I'm in the process of writing a test suite for some lexing/parsing and it would be much cleaner if I could drop test input/output files in a directory and have dune generate OCaml test cases for each of these during a step in compilation.
I figured I could use dune for this, very much inspired by this documentation page (Preprocessors and PPXs), but I'm struggling at getting it to work. I've essentially come to 2 dead ends:
An alias rule that would execute a script padding each of the test files seemingly wouldn't work:
(tests
(names lexer)
(libraries llvmlexer llvmparser ounit2))
(rule
(alias runtest)
(deps (glob_files %{workspace_root}/**/*.ll))
(action (system "./preprocess-lexer.sh '%{input-file}'")))
As it errors with:
File "test/dune", line 9, characters 41-54:
9 | (action (system "./preprocess-lexer.sh '%{input-file}'")))
^^^^^^^^^^^^^
Error: %{input-file} isn't allowed in this position.
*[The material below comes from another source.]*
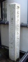 慶応3年11月18日(1867)夜、醒ケ井通の近藤勇の妾宅で歓待された伊東甲子太郎は、酩酊して帰営中、妾宅から目と鼻の先の木津屋橋近くで、待ち伏せの新選組隊士数名に襲われた。物陰から突然、槍で刺された伊東は、深手のまま、刀を抜いて応戦し、一名を斬捨てると油小路通りへ逃れたものの、北に数メートル行った本光寺門前の門派石に腰を降ろし絶命した。新選組は伊東の亡骸を駕籠に乗せ油小路七条の辻に放置した。 |
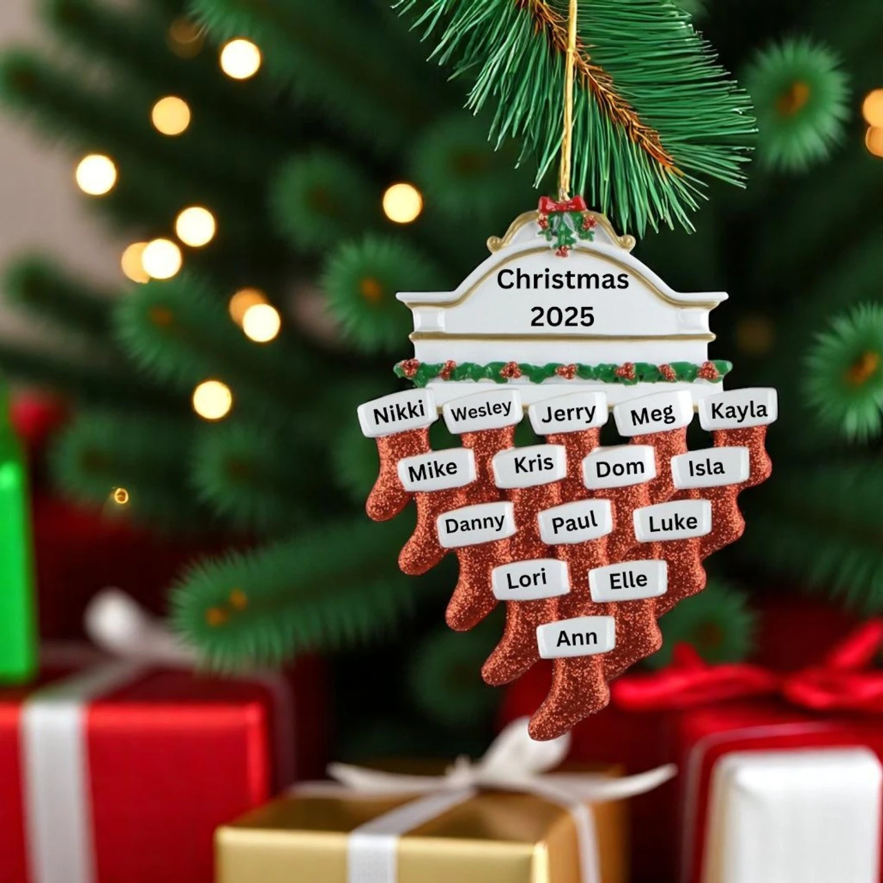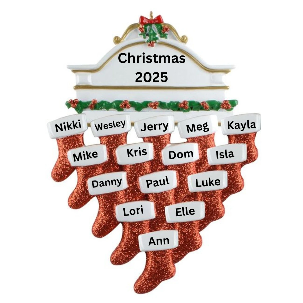 The more, the merrier! Our Mantle Family of 15 Personalized Ornament is perfect for big families or gatherings. With 15 glittering red stockings ready to be named by our skilled elves, this charming holiday piece celebrates your whole crew. Holly garland and a classic mantle set the festive tone.

I'm very confused by this. Is this a matter of executing the action once for all files? If so is it possible to execute it once for each dependency?
Indeed, dune doesn't support wildcard rules at the time of writing. It has, however, very limited support for it tailored for preprocessing so that you can specify a rule of the following form *.ml -> *.pp.ml
, exactly with these suffixes, e.g.,
(library
(name foo)
(preprocess (action (run cpp %{input-file}))))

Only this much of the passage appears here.